Revivals of Ibsen’s greatest plays come round thick and fast, and audiences may sometimes need an extra incentive to re-enter his world. A new staging of Ghosts supplies just such an inducement: a mouth-watering double dose of iconic Norwegians.

This production, presented by Rose Theatre Kingston and English Touring Theatre, will draw on designs for the play by Ibsen’s compatriot Edvard Munch. The artist, subject of a hugely popular exhibition at Tate Modern last year, supplied set designs for a production of Ghosts in Berlin in 1906 by the great director Max Reinhardt. They have never been seen onstage since. It so happens that the run of the play will coincide with Munch’s 150th anniversary.

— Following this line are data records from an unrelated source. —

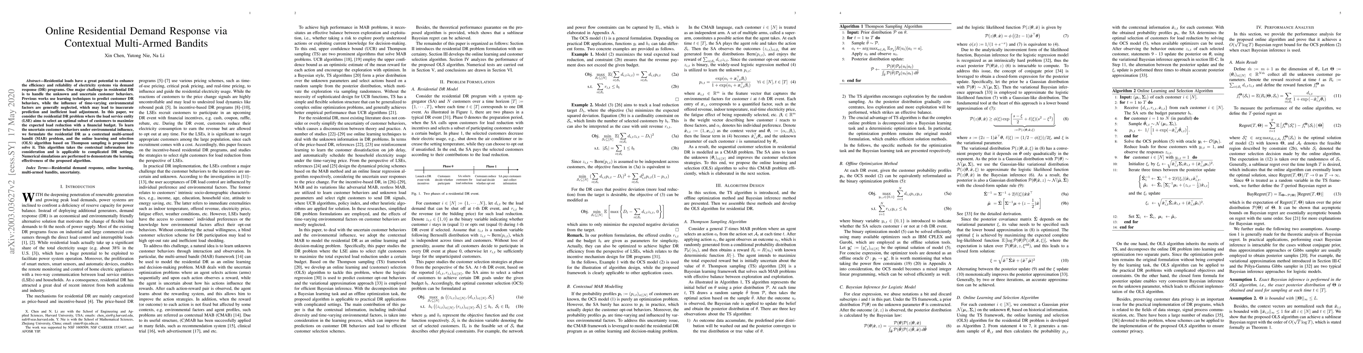 Residential loads have great potential to enhance the efficiency and reliability of electricity systems via demand response (DR) programs. One major challenge in residential DR is to handle the unknown and uncertain customer behaviors. Previous works use learning techniques to predict customer DR behaviors, while the influence of time-varying environmental factors is generally neglected, which may lead to inaccurate prediction and inefficient load adjustment. In this paper, we consider the residential DR problem where the load service entity (LSE) aims to select an optimal subset of customers to maximize the expected load reduction with a financial budget. To learn the uncertain customer behaviors under the environmental influence, we formulate the residential DR as a contextual multi-armed bandit (MAB) problem, and the online learning and selection (OLS) algorithm based on Thompson sampling is proposed to solve it. This algorithm takes the contextual information into consideration and is applicable to complicated DR settings. Numerical simulations are performed to demonstrate the learning effectiveness of the proposed algorithm.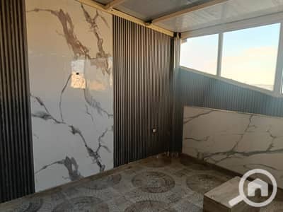 For rent: Rooftop apartment in the First Tourist Area, villa district, with a stunning view overlooking October Hills Compound and Mall of Arabia. 120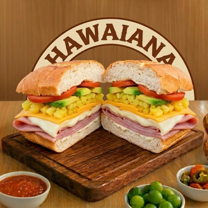 Una combinación irresistible: jamón a la plancha con quesillo fundido y queso amarillo derretido que aportan una textura cremosa. Se complementa con piña que da un toque dulce y jugoso, más aguacate cremoso, jitomate fresco y cebolla. Todo dentro de un pan dorado por fuera y suave por dentro. El balance perfecto entre lo dulce y lo salado. 🍍🔥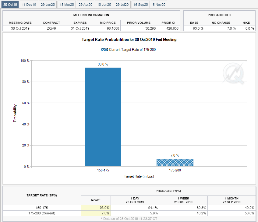 The US central bank is expected to reduce its base rate by 25 basis points for the third time this year at Wednesday’s meeting. The futures markets rate the odds of a cut at 93.0%.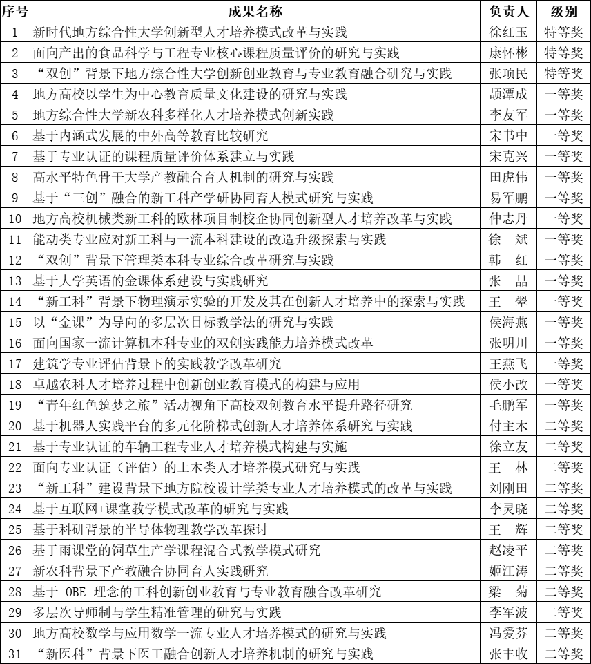校新闻中心讯 近日,河南省教育厅下发《关于公布2021年度河南省高等教育教学成果奖获奖项目的通知》,我校本科高等教育项目共获31项河南省高等教育教学成果奖,其中特等奖3项,一等奖16项,二等奖12项。

Ghosts has never lost its power to shock. Boldly confronting venereal disease and even euthanasia, its first performances in London in 1891 required the creation of a subscription-only theatre society – members included George Bernard Shaw, Thomas Hardy and Henry James. And few contemporary directors understand the playwright more profoundly than Stephen Unwin: this will be his seventh Ibsen production and his second translation after last year’s The Lady from the Sea (pictured, Kelly Hunter and Mark Quartley in rehearsal). To celebrate the 20th anniversary of his founding of English Touring Theatre, and his valediction after five years as artistic director of the Rose Theatre Kingston, make sure you book to see Ibsen and Munch reunited after more than a century.